(Dataset records)
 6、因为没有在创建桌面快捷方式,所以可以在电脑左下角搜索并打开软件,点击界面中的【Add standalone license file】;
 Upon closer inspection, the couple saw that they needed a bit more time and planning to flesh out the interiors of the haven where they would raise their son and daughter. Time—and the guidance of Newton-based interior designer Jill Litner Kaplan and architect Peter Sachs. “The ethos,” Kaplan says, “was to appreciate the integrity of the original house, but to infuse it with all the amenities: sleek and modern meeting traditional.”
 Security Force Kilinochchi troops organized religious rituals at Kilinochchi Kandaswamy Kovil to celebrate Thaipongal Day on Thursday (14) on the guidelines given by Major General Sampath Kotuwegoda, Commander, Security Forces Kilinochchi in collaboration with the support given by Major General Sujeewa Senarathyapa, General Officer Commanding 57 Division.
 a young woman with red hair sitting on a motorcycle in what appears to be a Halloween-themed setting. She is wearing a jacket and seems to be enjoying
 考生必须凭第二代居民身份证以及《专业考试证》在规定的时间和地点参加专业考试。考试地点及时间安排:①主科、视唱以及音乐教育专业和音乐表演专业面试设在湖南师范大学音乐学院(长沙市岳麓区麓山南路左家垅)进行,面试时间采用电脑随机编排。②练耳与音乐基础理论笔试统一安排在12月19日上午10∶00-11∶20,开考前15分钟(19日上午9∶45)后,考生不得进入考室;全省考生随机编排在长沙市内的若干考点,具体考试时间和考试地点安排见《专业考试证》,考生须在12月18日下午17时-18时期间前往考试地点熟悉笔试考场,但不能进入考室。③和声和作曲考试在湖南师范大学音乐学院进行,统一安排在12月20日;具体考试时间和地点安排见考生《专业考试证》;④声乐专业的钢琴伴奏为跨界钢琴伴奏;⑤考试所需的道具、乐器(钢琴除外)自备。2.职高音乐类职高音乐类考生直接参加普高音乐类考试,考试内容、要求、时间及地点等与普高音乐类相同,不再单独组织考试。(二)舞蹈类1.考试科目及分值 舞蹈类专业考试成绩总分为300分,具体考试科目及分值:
==
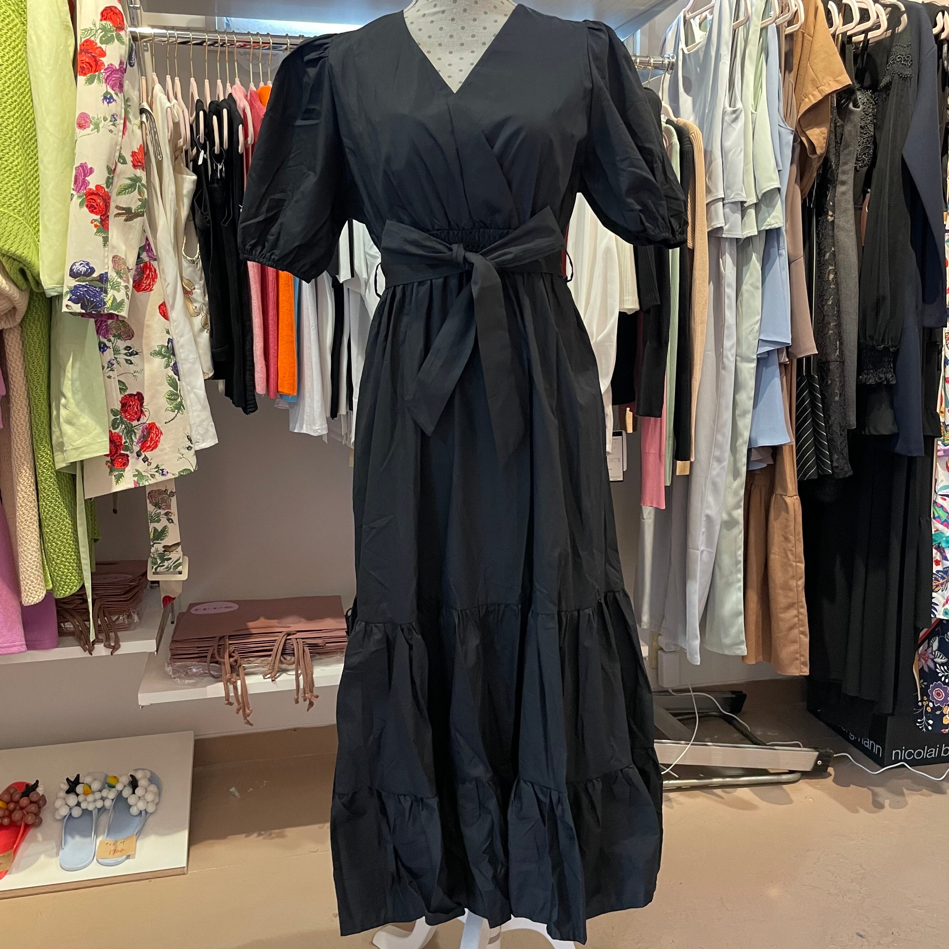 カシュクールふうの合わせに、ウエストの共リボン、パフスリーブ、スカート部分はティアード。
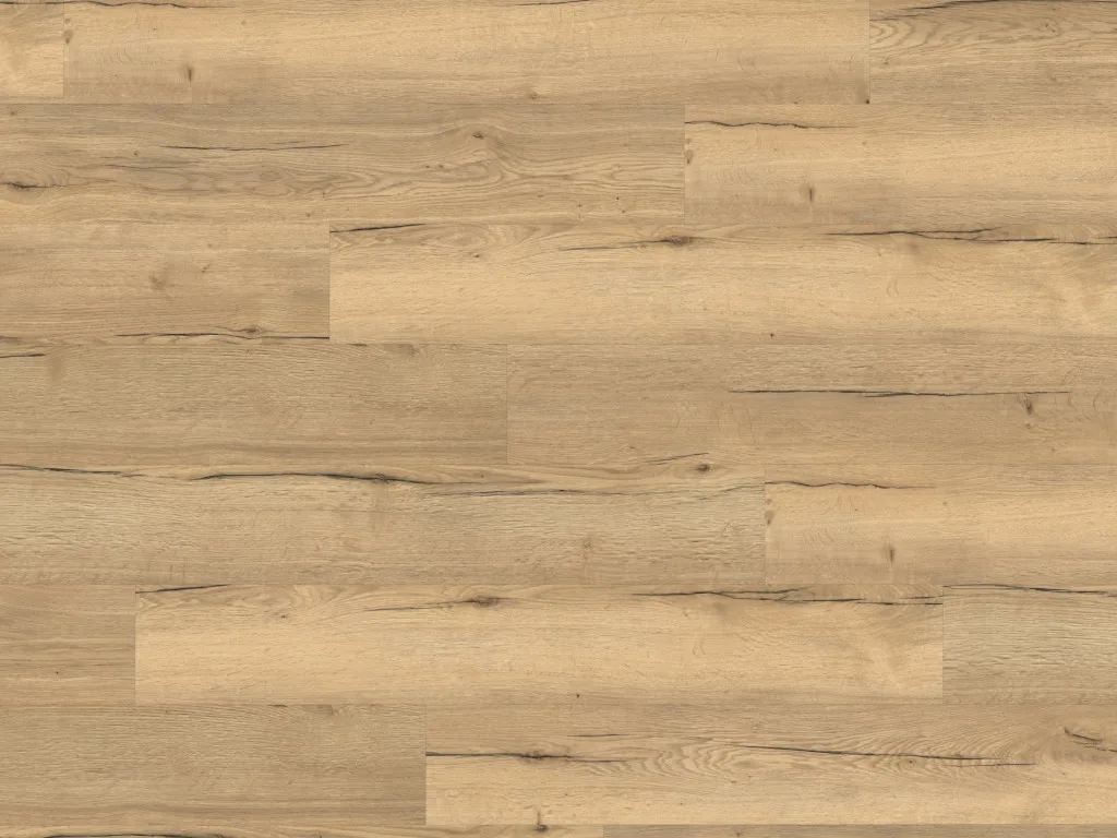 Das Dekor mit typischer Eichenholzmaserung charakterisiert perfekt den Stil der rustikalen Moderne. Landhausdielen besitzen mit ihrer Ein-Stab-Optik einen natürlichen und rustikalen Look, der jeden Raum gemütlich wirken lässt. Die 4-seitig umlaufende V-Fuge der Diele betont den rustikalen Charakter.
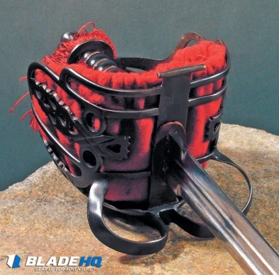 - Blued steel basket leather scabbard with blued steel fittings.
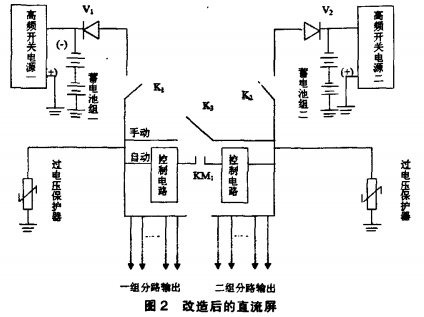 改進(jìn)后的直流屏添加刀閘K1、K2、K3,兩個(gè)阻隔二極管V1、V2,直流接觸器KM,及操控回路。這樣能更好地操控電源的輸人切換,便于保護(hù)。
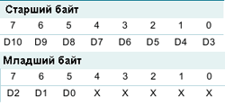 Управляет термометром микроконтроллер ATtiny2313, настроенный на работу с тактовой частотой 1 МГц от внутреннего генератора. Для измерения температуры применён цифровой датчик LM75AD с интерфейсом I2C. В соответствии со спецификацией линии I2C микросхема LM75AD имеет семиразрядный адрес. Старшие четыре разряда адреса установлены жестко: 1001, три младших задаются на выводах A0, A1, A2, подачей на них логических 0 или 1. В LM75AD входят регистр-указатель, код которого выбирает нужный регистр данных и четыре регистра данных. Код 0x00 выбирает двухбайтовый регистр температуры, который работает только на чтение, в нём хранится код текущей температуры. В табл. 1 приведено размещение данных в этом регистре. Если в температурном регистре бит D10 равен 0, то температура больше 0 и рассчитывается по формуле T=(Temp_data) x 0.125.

> TASK
Drop the pictures; return the lines above from the line containing "Das Dekor mit" to the line containing "Управляет термометром микроконтроллер", both included, exactly.

> ANSWER TO THE PROBLEM
 Das Dekor mit typischer Eichenholzmaserung charakterisiert perfekt den Stil der rustikalen Moderne. Landhausdielen besitzen mit ihrer Ein-Stab-Optik einen natürlichen und rustikalen Look, der jeden Raum gemütlich wirken lässt. Die 4-seitig umlaufende V-Fuge der Diele betont den rustikalen Charakter.
 - Blued steel basket leather scabbard with blued steel fittings.
 改進(jìn)后的直流屏添加刀閘K1、K2、K3,兩個(gè)阻隔二極管V1、V2,直流接觸器KM,及操控回路。這樣能更好地操控電源的輸人切換,便于保護(hù)。
 Управляет термометром микроконтроллер ATtiny2313, настроенный на работу с тактовой частотой 1 МГц от внутреннего генератора. Для измерения температуры применён цифровой датчик LM75AD с интерфейсом I2C. В соответствии со спецификацией линии I2C микросхема LM75AD имеет семиразрядный адрес. Старшие четыре разряда адреса установлены жестко: 1001, три младших задаются на выводах A0, A1, A2, подачей на них логических 0 или 1. В LM75AD входят регистр-указатель, код которого выбирает нужный регистр данных и четыре регистра данных. Код 0x00 выбирает двухбайтовый регистр температуры, который работает только на чтение, в нём хранится код текущей температуры. В табл. 1 приведено размещение данных в этом регистре. Если в температурном регистре бит D10 равен 0, то температура больше 0 и рассчитывается по формуле T=(Temp_data) x 0.125.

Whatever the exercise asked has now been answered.